WHAT IS EXPECTED:
Give the whole listing below once more, exactly, without pictures.

INFORMATION PROVIDED:
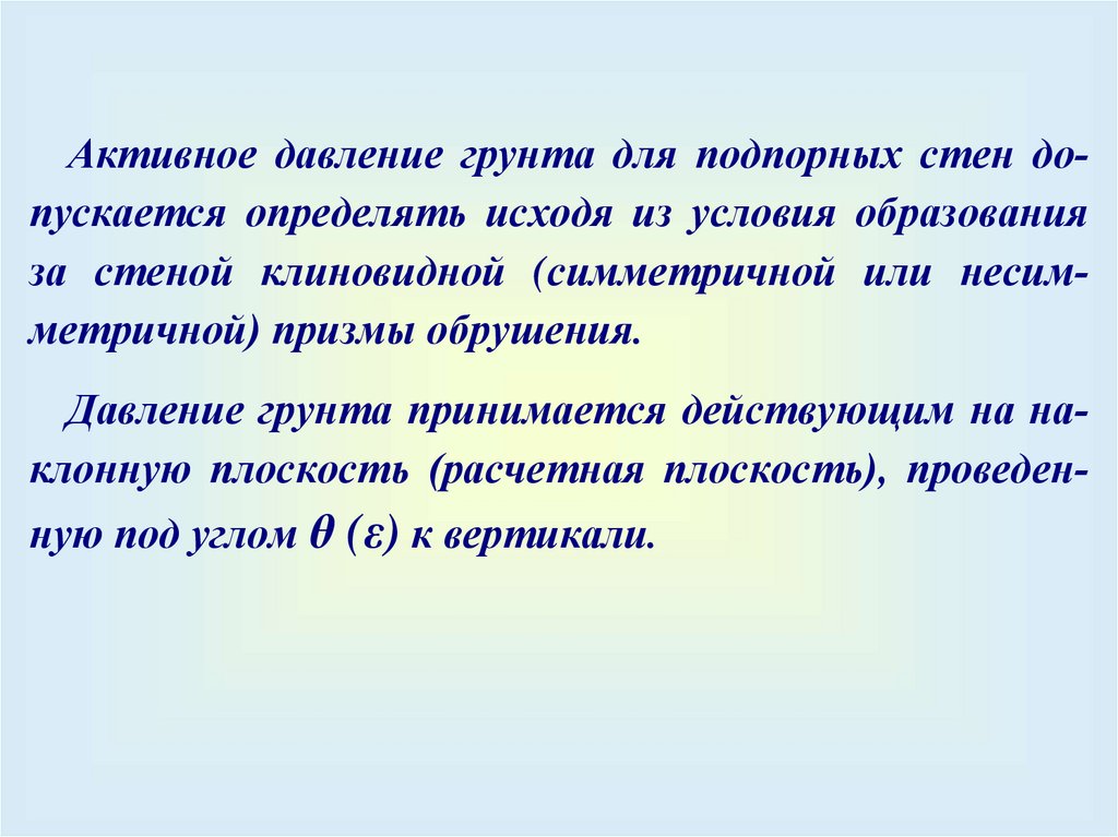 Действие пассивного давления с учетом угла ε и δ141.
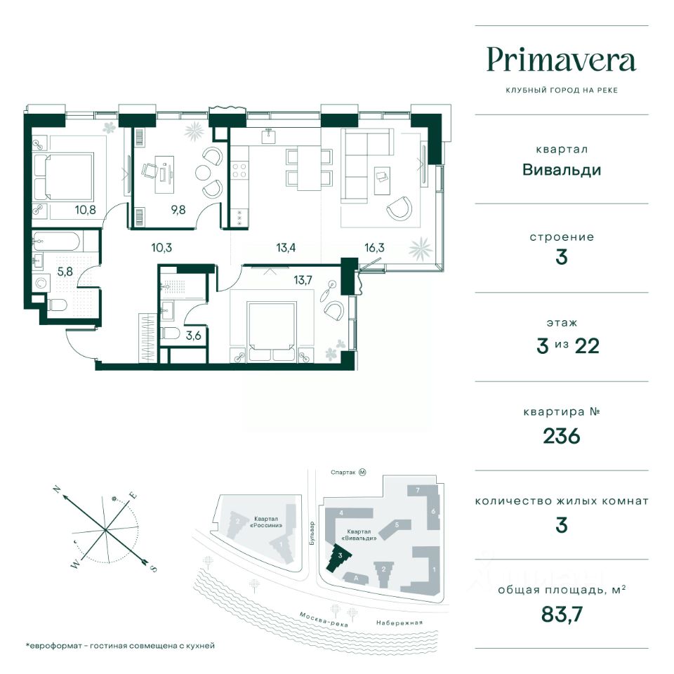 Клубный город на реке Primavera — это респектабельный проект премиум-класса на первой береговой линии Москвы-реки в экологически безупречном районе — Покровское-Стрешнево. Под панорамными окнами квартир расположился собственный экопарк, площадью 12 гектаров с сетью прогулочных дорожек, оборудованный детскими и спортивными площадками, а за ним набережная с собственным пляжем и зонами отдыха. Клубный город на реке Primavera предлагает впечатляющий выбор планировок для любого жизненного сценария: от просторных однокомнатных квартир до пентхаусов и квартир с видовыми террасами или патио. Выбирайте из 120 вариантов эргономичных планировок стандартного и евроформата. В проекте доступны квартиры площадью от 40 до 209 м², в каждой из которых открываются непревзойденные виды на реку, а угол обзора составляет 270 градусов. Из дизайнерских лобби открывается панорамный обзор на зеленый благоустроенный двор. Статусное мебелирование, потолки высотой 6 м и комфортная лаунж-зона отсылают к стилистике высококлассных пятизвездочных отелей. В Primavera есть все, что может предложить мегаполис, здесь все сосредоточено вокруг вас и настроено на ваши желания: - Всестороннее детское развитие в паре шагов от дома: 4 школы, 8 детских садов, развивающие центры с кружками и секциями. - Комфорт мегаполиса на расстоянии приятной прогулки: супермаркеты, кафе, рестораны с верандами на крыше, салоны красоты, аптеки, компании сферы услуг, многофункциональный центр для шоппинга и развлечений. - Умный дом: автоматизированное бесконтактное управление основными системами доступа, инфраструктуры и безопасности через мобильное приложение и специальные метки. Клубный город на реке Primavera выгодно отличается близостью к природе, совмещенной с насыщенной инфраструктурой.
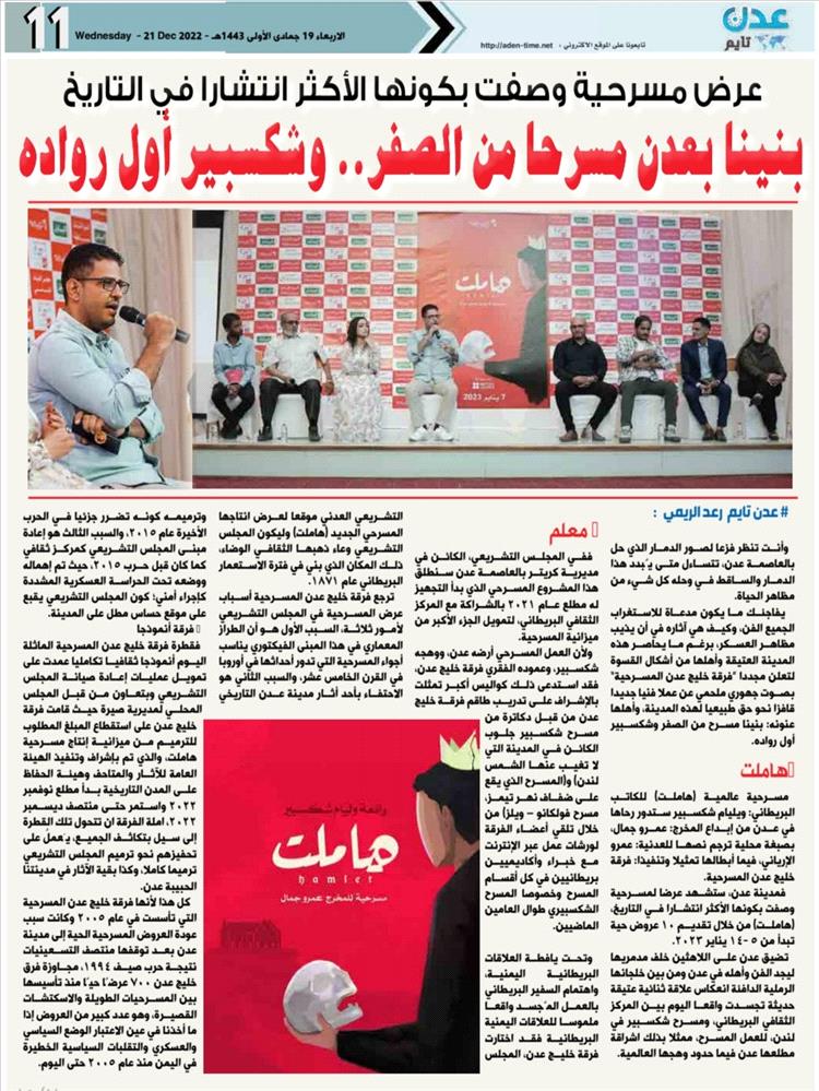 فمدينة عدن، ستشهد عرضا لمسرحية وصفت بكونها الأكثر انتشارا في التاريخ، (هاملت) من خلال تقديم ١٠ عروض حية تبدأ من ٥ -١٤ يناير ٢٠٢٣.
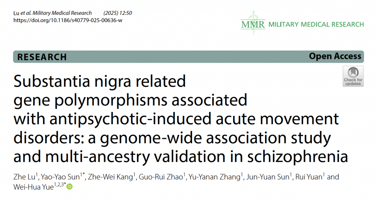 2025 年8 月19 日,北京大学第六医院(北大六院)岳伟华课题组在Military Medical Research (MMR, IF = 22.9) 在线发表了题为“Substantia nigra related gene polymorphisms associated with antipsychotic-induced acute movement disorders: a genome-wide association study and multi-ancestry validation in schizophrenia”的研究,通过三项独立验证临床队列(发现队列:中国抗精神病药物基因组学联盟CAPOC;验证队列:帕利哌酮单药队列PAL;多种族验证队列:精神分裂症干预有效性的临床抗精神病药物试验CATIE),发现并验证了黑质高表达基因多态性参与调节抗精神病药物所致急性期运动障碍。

RESULT OF THIS TASK:
 Действие пассивного давления с учетом угла ε и δ141.
 Клубный город на реке Primavera — это респектабельный проект премиум-класса на первой береговой линии Москвы-реки в экологически безупречном районе — Покровское-Стрешнево. Под панорамными окнами квартир расположился собственный экопарк, площадью 12 гектаров с сетью прогулочных дорожек, оборудованный детскими и спортивными площадками, а за ним набережная с собственным пляжем и зонами отдыха. Клубный город на реке Primavera предлагает впечатляющий выбор планировок для любого жизненного сценария: от просторных однокомнатных квартир до пентхаусов и квартир с видовыми террасами или патио. Выбирайте из 120 вариантов эргономичных планировок стандартного и евроформата. В проекте доступны квартиры площадью от 40 до 209 м², в каждой из которых открываются непревзойденные виды на реку, а угол обзора составляет 270 градусов. Из дизайнерских лобби открывается панорамный обзор на зеленый благоустроенный двор. Статусное мебелирование, потолки высотой 6 м и комфортная лаунж-зона отсылают к стилистике высококлассных пятизвездочных отелей. В Primavera есть все, что может предложить мегаполис, здесь все сосредоточено вокруг вас и настроено на ваши желания: - Всестороннее детское развитие в паре шагов от дома: 4 школы, 8 детских садов, развивающие центры с кружками и секциями. - Комфорт мегаполиса на расстоянии приятной прогулки: супермаркеты, кафе, рестораны с верандами на крыше, салоны красоты, аптеки, компании сферы услуг, многофункциональный центр для шоппинга и развлечений. - Умный дом: автоматизированное бесконтактное управление основными системами доступа, инфраструктуры и безопасности через мобильное приложение и специальные метки. Клубный город на реке Primavera выгодно отличается близостью к природе, совмещенной с насыщенной инфраструктурой.
 فمدينة عدن، ستشهد عرضا لمسرحية وصفت بكونها الأكثر انتشارا في التاريخ، (هاملت) من خلال تقديم ١٠ عروض حية تبدأ من ٥ -١٤ يناير ٢٠٢٣.
 2025 年8 月19 日,北京大学第六医院(北大六院)岳伟华课题组在Military Medical Research (MMR, IF = 22.9) 在线发表了题为“Substantia nigra related gene polymorphisms associated with antipsychotic-induced acute movement disorders: a genome-wide association study and multi-ancestry validation in schizophrenia”的研究,通过三项独立验证临床队列(发现队列:中国抗精神病药物基因组学联盟CAPOC;验证队列:帕利哌酮单药队列PAL;多种族验证队列:精神分裂症干预有效性的临床抗精神病药物试验CATIE),发现并验证了黑质高表达基因多态性参与调节抗精神病药物所致急性期运动障碍。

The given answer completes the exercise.